[Exercise objective] Give again, word for word, every line in the entries below from the line with "普利制药以双氯芬酸为有效成分" up to and including the line with "Personnalisez et ajoutez", and no other line.

[Recorded data]
Content starts
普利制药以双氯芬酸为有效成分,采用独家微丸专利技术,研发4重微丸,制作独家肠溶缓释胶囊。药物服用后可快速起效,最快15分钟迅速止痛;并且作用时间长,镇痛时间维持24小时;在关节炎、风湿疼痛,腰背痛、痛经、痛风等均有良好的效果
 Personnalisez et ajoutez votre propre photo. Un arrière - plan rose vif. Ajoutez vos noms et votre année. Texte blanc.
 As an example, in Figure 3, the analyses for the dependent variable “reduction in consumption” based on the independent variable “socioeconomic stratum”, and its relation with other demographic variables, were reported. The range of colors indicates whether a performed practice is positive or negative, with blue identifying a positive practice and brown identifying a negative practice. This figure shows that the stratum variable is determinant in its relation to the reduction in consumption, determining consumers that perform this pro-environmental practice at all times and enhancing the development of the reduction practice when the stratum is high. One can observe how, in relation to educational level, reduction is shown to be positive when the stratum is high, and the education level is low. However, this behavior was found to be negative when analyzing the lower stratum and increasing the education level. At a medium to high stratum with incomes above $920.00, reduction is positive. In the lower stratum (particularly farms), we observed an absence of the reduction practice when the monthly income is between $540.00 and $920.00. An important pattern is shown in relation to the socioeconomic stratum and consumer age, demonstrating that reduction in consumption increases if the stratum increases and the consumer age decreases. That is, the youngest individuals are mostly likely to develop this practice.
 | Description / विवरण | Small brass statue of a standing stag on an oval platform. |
Content ends
Content starts
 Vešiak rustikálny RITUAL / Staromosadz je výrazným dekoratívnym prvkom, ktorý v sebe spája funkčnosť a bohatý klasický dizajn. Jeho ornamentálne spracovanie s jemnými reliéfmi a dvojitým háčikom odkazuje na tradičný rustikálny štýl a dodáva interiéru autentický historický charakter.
Content ends
[Output of the task]
普利制药以双氯芬酸为有效成分,采用独家微丸专利技术,研发4重微丸,制作独家肠溶缓释胶囊。药物服用后可快速起效,最快15分钟迅速止痛;并且作用时间长,镇痛时间维持24小时;在关节炎、风湿疼痛,腰背痛、痛经、痛风等均有良好的效果
 Personnalisez et ajoutez votre propre photo. Un arrière - plan rose vif. Ajoutez vos noms et votre année. Texte blanc.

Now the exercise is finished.